A common variant, i.e., single nucleotide polymorphism rs6741949, in the DPP4 (zeige DPP4 ELISA Kits) gene interacts with body adiposity and negatively affects glucose-stimulated GLP-1 levels, insulin (zeige INS ELISA Kits) secretion, and glucose tolerance.
Compared with the lean group, the obese group had significantly higher fasting and post-OGTT GIP (zeige GIP ELISA Kits) levels, but similar fasting GLP-1 and significantly lower post-OGTT GLP-1 levels.
Hemodialysis improves upper GI symptoms and gastric slow waves in CKD patients. An increase in ghrelin (zeige GHRL ELISA Kits) and a decrease in GLP-1 might be involved in the HD-induced improvement in gastric slow waves.

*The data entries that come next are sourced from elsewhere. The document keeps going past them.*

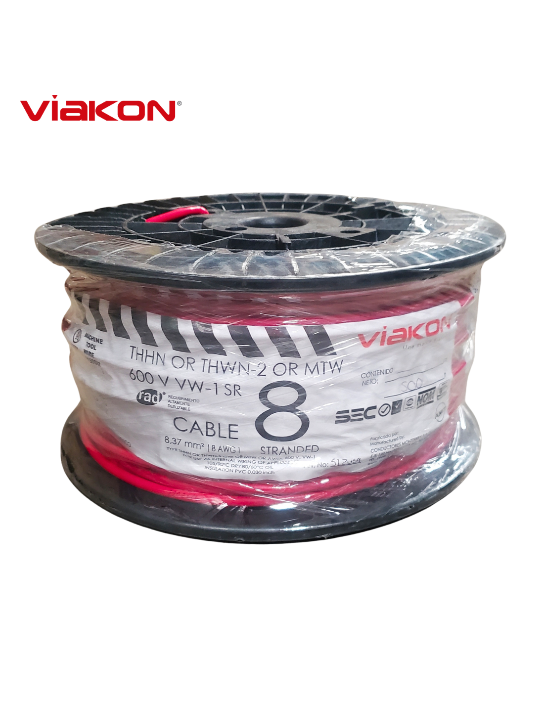 Cable de Cobre THHN #8 AWG Rojo Rollo 500ft – Alta Conductividad y Durabilidad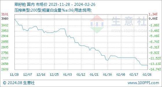 2月26日生意社菜籽粕基准价为2650.00元/吨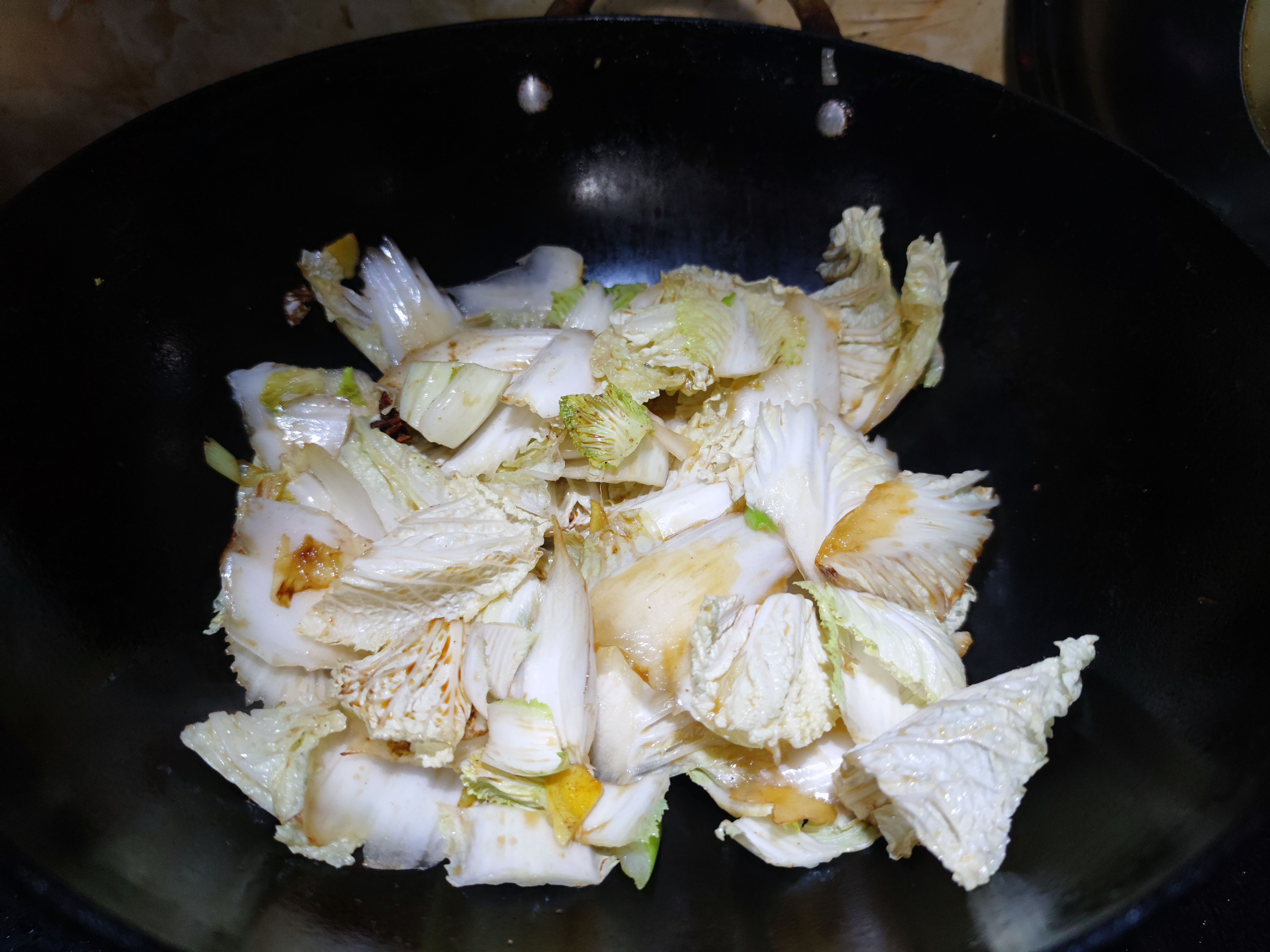 3.锅中留底油爆香葱姜蒜和一瓣八角,下入白菜煸炒出水汽,烹入料酒和一品鲜酱油炒匀。

Data suggest that, in obesity, serum levels of active GLP1 are down-regulated and serum levels of soluble DPP4 (zeige DPP4 ELISA Kits) are up-regulated; DPP4 (zeige DPP4 ELISA Kits) levels correlate negatively with active GLP-1 levels but are positively associated with insulin (zeige INS ELISA Kits) resistance; thus, DPP4 (zeige DPP4 ELISA Kits) may be biomarker for insulin (zeige INS ELISA Kits) resistance. This study was conducted in Malaysia. (GLP1 = glucagon-like peptide 1; DPP4 (zeige DPP4 ELISA Kits) = dipeptidyl peptidase 4 (zeige DPP4 ELISA Kits))
Insulin (zeige INS ELISA Kits) resistance, postprandial GLP-1 and adaptive immunity are the main predictors of NAFLD (zeige TSC2 ELISA Kits) in a homogeneous population at high cardiovascular risk.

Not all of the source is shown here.